Exercise
Gather up every line from the entries below that uses the word "ひたちなか警察署".

Dataset extract
■ ■ ■ ■ ■ ■ ■

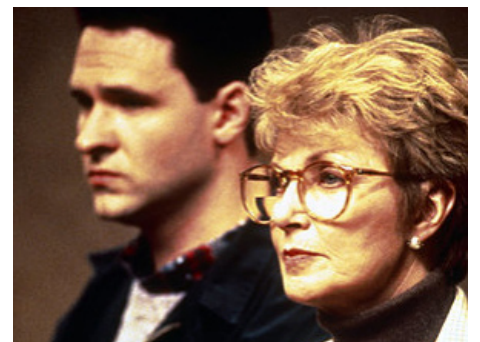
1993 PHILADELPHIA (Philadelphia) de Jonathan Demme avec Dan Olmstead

■ ■ ■ ■ ■ ■ ■

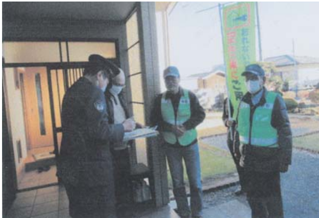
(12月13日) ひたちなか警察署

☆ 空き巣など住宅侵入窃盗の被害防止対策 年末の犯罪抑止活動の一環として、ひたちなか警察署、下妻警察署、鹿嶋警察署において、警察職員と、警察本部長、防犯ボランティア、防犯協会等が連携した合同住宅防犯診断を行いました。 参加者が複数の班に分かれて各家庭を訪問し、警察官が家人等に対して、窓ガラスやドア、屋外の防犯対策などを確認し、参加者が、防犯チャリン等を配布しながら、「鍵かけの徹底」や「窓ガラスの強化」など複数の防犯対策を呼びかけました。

■ ■ ■ ■ ■ ■ ■

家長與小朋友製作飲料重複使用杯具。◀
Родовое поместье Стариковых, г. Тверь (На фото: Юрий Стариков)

■ ■ ■ ■ ■ ■ ■

Result of this exercise
(12月13日) ひたちなか警察署
☆ 空き巣など住宅侵入窃盗の被害防止対策 年末の犯罪抑止活動の一環として、ひたちなか警察署、下妻警察署、鹿嶋警察署において、警察職員と、警察本部長、防犯ボランティア、防犯協会等が連携した合同住宅防犯診断を行いました。 参加者が複数の班に分かれて各家庭を訪問し、警察官が家人等に対して、窓ガラスやドア、屋外の防犯対策などを確認し、参加者が、防犯チャリン等を配布しながら、「鍵かけの徹底」や「窓ガラスの強化」など複数の防犯対策を呼びかけました。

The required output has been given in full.